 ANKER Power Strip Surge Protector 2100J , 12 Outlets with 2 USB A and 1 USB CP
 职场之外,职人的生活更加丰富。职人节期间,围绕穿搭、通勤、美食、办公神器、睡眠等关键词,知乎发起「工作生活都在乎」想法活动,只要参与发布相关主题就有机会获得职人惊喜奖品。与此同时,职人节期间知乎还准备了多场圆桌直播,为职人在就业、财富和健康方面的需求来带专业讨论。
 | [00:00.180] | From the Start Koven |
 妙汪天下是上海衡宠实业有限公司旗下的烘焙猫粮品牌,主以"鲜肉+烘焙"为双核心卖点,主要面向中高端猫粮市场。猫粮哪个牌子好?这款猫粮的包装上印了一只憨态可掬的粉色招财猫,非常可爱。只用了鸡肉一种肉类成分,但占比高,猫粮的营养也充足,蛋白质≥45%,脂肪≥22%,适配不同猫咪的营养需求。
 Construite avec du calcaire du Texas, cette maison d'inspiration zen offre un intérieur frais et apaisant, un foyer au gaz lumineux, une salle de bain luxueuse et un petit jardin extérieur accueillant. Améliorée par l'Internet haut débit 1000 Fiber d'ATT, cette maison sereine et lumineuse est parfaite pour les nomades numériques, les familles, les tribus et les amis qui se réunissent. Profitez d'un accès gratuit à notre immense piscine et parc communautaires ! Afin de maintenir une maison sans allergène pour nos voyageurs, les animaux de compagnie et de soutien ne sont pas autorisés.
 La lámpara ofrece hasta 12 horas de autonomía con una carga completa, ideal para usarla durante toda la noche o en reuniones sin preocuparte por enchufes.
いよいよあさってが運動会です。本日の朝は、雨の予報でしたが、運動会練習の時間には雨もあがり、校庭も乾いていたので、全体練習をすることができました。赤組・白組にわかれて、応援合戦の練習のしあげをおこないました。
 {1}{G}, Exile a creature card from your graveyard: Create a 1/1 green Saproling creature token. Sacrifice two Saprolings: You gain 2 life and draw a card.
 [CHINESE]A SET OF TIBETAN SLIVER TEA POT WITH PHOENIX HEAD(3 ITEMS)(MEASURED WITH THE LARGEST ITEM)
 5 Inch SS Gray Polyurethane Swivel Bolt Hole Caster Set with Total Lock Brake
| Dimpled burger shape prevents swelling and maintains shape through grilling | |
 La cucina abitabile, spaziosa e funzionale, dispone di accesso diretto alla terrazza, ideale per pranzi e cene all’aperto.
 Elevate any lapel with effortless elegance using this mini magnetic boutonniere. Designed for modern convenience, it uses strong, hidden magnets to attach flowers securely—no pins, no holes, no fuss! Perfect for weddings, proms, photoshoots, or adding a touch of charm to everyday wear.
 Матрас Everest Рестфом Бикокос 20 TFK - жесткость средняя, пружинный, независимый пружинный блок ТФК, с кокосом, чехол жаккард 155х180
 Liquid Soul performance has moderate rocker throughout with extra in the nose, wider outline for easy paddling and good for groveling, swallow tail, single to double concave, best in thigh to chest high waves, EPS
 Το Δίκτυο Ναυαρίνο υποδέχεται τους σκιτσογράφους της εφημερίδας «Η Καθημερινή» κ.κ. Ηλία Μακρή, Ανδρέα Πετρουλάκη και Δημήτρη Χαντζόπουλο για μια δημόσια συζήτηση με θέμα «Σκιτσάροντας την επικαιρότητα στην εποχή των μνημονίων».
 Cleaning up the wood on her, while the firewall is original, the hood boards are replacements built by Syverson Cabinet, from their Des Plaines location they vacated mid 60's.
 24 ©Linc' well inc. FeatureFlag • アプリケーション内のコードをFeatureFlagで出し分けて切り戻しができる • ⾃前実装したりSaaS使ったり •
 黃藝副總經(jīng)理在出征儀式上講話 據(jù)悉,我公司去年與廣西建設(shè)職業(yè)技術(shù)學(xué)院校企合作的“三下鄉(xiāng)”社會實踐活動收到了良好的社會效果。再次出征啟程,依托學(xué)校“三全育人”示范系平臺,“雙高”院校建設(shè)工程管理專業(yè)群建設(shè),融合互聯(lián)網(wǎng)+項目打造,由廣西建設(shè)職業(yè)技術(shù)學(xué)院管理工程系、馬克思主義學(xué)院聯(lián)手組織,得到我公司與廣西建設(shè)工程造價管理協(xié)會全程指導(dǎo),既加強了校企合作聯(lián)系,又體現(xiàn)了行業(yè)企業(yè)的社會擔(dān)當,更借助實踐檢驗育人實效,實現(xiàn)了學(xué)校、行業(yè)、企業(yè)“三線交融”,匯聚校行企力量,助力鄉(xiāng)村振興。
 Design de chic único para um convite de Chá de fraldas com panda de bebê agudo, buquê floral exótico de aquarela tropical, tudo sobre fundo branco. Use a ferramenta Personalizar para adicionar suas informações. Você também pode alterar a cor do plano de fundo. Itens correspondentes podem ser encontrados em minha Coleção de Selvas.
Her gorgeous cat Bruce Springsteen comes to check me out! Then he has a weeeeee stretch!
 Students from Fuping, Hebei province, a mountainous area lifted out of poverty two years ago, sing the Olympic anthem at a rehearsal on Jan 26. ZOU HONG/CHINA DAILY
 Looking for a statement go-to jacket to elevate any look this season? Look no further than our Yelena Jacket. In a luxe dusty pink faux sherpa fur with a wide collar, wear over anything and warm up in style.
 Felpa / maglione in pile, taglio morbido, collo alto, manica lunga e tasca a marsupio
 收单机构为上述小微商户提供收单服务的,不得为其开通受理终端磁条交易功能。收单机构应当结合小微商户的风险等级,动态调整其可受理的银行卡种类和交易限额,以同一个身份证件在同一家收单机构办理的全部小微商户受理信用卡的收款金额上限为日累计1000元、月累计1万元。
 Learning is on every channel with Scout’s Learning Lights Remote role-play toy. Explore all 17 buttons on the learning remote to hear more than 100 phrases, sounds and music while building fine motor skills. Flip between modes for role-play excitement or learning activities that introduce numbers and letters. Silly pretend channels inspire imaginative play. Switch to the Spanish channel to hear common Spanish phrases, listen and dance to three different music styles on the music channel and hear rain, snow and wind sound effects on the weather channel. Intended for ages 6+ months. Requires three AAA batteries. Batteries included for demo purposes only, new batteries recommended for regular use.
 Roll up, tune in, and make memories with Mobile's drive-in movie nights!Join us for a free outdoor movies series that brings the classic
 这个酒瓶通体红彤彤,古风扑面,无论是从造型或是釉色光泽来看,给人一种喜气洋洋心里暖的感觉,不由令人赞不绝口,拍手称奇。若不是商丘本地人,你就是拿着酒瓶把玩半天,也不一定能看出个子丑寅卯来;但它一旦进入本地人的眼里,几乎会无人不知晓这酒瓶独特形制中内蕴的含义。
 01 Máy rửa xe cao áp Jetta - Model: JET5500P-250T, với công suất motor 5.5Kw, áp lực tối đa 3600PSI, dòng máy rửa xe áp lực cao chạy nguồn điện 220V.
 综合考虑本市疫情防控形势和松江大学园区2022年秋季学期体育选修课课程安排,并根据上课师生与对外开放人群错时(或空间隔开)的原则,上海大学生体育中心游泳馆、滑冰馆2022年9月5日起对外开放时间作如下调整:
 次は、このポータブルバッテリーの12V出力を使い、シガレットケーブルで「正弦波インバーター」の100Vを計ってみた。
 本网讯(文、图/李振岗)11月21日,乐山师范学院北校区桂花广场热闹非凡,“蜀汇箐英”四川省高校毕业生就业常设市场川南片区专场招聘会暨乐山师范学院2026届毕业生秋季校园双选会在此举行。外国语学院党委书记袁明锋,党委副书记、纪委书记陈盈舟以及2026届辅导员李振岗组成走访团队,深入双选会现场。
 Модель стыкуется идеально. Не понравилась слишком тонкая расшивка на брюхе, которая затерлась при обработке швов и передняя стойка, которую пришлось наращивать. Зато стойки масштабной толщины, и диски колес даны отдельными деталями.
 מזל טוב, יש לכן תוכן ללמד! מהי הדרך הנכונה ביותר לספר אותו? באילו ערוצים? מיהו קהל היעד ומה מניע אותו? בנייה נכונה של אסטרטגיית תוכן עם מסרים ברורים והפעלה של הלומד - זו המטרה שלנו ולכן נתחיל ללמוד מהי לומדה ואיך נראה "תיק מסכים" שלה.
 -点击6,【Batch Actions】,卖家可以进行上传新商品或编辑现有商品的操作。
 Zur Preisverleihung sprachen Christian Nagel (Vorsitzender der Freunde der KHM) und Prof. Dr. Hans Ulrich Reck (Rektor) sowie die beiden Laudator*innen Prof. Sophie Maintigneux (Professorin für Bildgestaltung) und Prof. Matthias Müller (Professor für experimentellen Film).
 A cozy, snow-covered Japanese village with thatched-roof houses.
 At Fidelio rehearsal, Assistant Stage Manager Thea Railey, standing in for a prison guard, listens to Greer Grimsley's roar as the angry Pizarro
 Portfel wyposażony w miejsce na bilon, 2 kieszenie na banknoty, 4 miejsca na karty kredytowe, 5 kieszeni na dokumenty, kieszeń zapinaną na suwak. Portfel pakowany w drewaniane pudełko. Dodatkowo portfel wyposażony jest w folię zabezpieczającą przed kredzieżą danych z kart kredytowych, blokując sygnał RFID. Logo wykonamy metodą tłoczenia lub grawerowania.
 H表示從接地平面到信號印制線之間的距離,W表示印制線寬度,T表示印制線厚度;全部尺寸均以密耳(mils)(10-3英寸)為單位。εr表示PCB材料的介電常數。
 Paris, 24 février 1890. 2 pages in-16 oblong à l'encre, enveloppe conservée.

- - -

Required work
What are the lines above, starting at the one with "Το Δίκτυο Ναυαρίνο" and ending at the one with "Students from Fuping, Hebei"? Give them again exactly, and only them.

Problem solution
 Το Δίκτυο Ναυαρίνο υποδέχεται τους σκιτσογράφους της εφημερίδας «Η Καθημερινή» κ.κ. Ηλία Μακρή, Ανδρέα Πετρουλάκη και Δημήτρη Χαντζόπουλο για μια δημόσια συζήτηση με θέμα «Σκιτσάροντας την επικαιρότητα στην εποχή των μνημονίων».
 Cleaning up the wood on her, while the firewall is original, the hood boards are replacements built by Syverson Cabinet, from their Des Plaines location they vacated mid 60's.
 24 ©Linc' well inc. FeatureFlag • アプリケーション内のコードをFeatureFlagで出し分けて切り戻しができる • ⾃前実装したりSaaS使ったり •
 黃藝副總經(jīng)理在出征儀式上講話 據(jù)悉,我公司去年與廣西建設(shè)職業(yè)技術(shù)學(xué)院校企合作的“三下鄉(xiāng)”社會實踐活動收到了良好的社會效果。再次出征啟程,依托學(xué)校“三全育人”示范系平臺,“雙高”院校建設(shè)工程管理專業(yè)群建設(shè),融合互聯(lián)網(wǎng)+項目打造,由廣西建設(shè)職業(yè)技術(shù)學(xué)院管理工程系、馬克思主義學(xué)院聯(lián)手組織,得到我公司與廣西建設(shè)工程造價管理協(xié)會全程指導(dǎo),既加強了校企合作聯(lián)系,又體現(xiàn)了行業(yè)企業(yè)的社會擔(dān)當,更借助實踐檢驗育人實效,實現(xiàn)了學(xué)校、行業(yè)、企業(yè)“三線交融”,匯聚校行企力量,助力鄉(xiāng)村振興。
 Design de chic único para um convite de Chá de fraldas com panda de bebê agudo, buquê floral exótico de aquarela tropical, tudo sobre fundo branco. Use a ferramenta Personalizar para adicionar suas informações. Você também pode alterar a cor do plano de fundo. Itens correspondentes podem ser encontrados em minha Coleção de Selvas.
Her gorgeous cat Bruce Springsteen comes to check me out! Then he has a weeeeee stretch!
 Students from Fuping, Hebei province, a mountainous area lifted out of poverty two years ago, sing the Olympic anthem at a rehearsal on Jan 26. ZOU HONG/CHINA DAILY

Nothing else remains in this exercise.